§ Exercise input
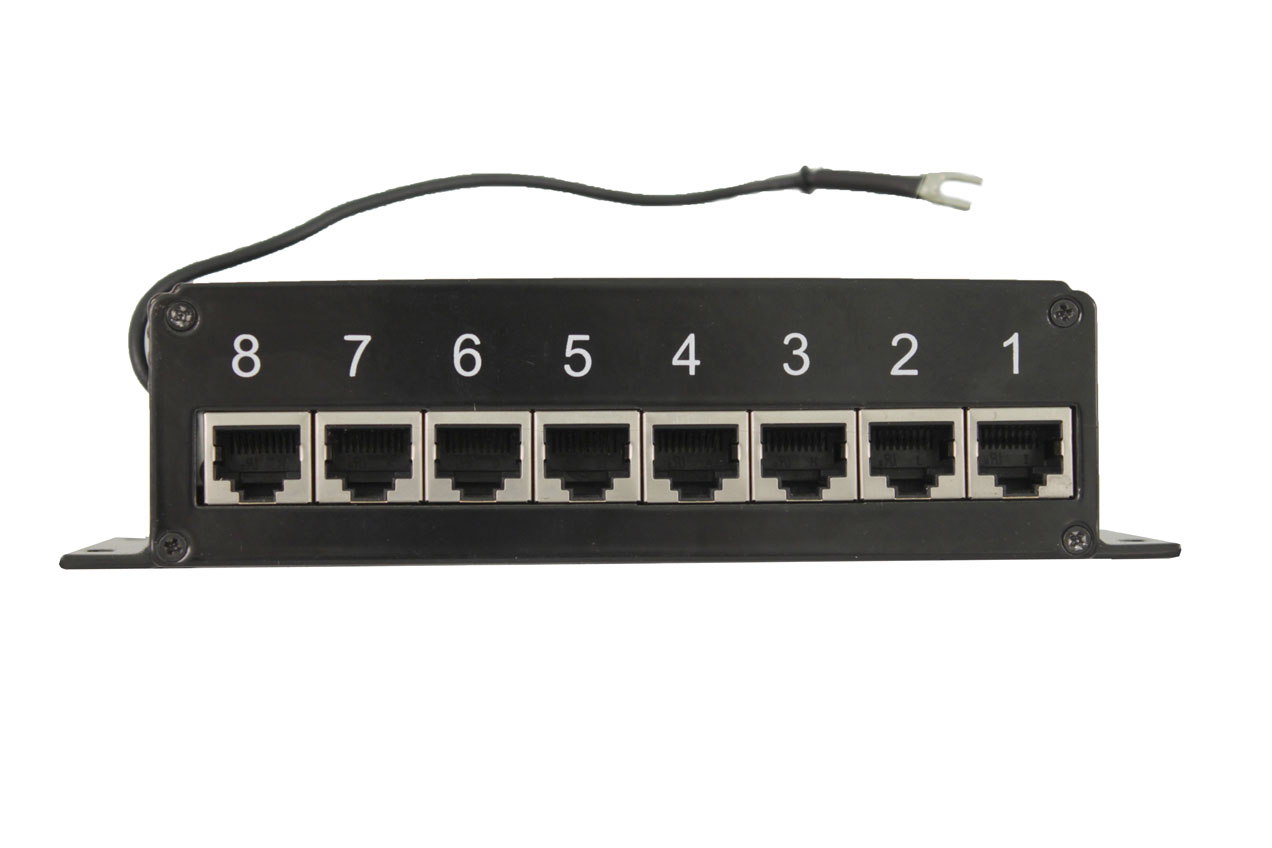 Устройство грозозащиты для локальной вычислительной сети (скорость до 1000 Мбит/с) на 8 портов. Двухступенчатая защита. Максимальное длительное рабочее напряжение (Uc) 6V. Номинальный ток разряда (8/20 мкс, In) 2,5kA. Суммарный ток разряда (8/20 мкс, Itotal) 5kA. Время отклика не более 10 нc. 8 входов (RJ45-мама), 8 выходов (RJ45-мама). Размеры (ШхВхГ): 168x42х75мм. Рабочая температура: -40…+80°С.
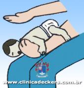 Se a manobra não surtir efeito, vire o bebê para frente e com dois dedos faça quatro compressões firmes no tórax, logo abaixo dos mamilos.
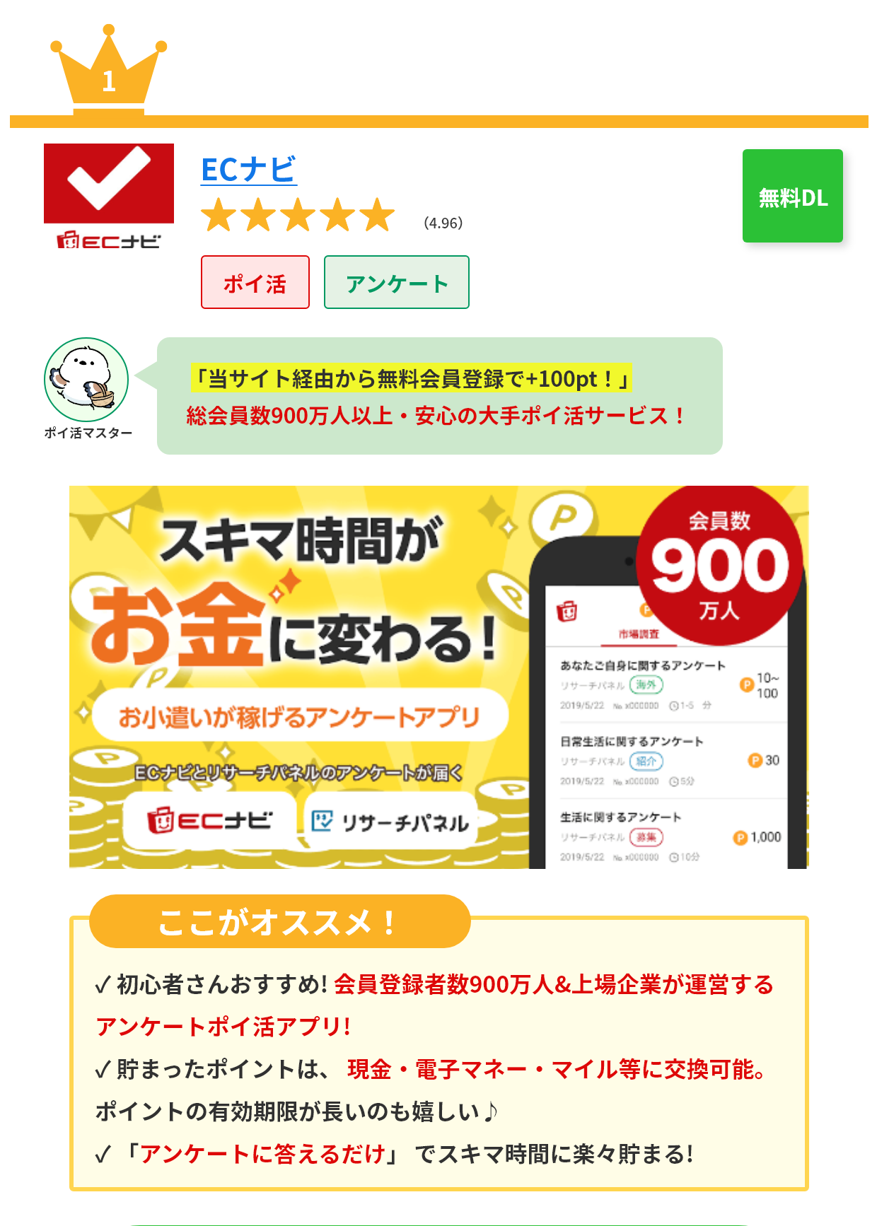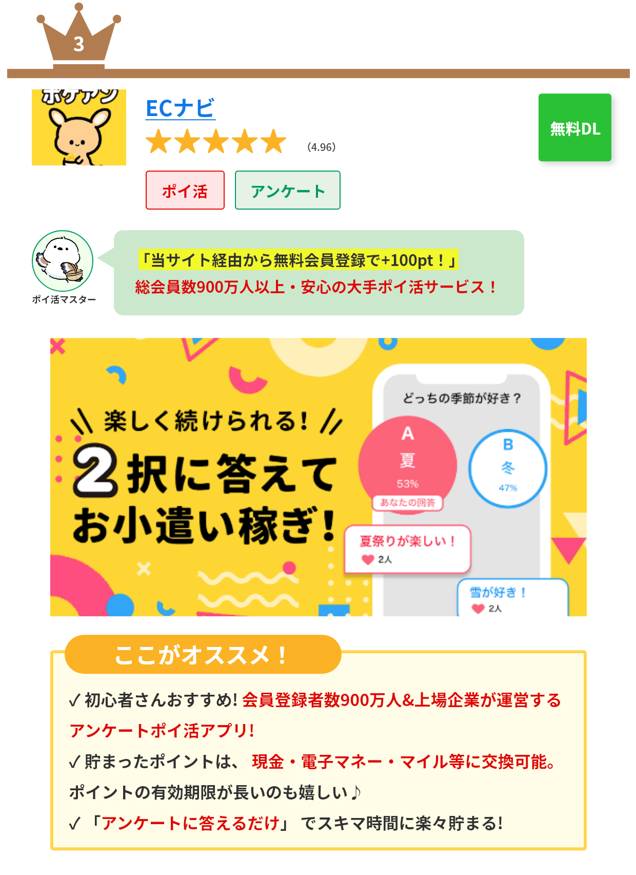 初心者でも簡単に始められました。ポイントがすぐ貯まるので、モチベーションも維持できます!
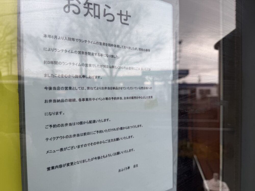 お知らせによると、2025年6月より店主の方がご入院され臨時休業していたようですが、諸般の事情によりランチの営業を終了されたようです。
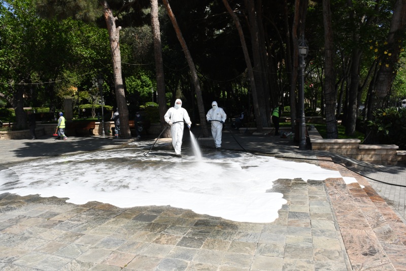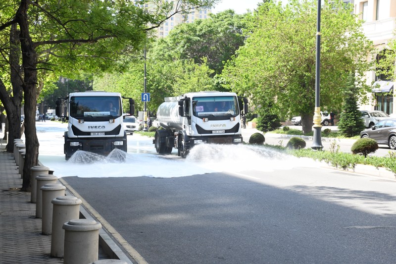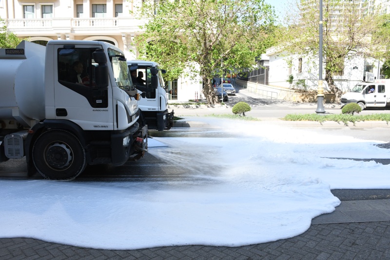 Bakı Şəhər İcra Hakimiyyəti Kommunal təsərrüfat xidmətlərinin texnikası əsas küçə və prospektlərin bitki və canlılara ziyansız yuyucu maddələrlə yuyulmasını aparıb, təmizlik işləri zamanı həm də məhəllədaxili və ara yollar da yuyulub. Xidmətin əməkdaşları tərəfindən prospekt və küçələrin, səki kənarlarının, bordyurların və buradakı işıq dirəklərinin, yol kənarındakı məhəccərlərin, park və istirahət yerlərində oturacaqların yuyulmasını həyata keçirilib, həyət və yaşayış məhəllələrində təmizlik işləri görülüb. İctimai-iaşə, ticarət və digər obyektlərin vitrinləri təmizlənib, ətrafında səliqə-sahman yaradılıb.

§ The problem
If a picture falls within the span, leave it out, and reproduce exactly the lines from the one containing "Se a manobra" through the end of the material, and no others.

§ Result
 Se a manobra não surtir efeito, vire o bebê para frente e com dois dedos faça quatro compressões firmes no tórax, logo abaixo dos mamilos.
 初心者でも簡単に始められました。ポイントがすぐ貯まるので、モチベーションも維持できます!
 お知らせによると、2025年6月より店主の方がご入院され臨時休業していたようですが、諸般の事情によりランチの営業を終了されたようです。
 Bakı Şəhər İcra Hakimiyyəti Kommunal təsərrüfat xidmətlərinin texnikası əsas küçə və prospektlərin bitki və canlılara ziyansız yuyucu maddələrlə yuyulmasını aparıb, təmizlik işləri zamanı həm də məhəllədaxili və ara yollar da yuyulub. Xidmətin əməkdaşları tərəfindən prospekt və küçələrin, səki kənarlarının, bordyurların və buradakı işıq dirəklərinin, yol kənarındakı məhəccərlərin, park və istirahət yerlərində oturacaqların yuyulmasını həyata keçirilib, həyət və yaşayış məhəllələrində təmizlik işləri görülüb. İctimai-iaşə, ticarət və digər obyektlərin vitrinləri təmizlənib, ətrafında səliqə-sahman yaradılıb.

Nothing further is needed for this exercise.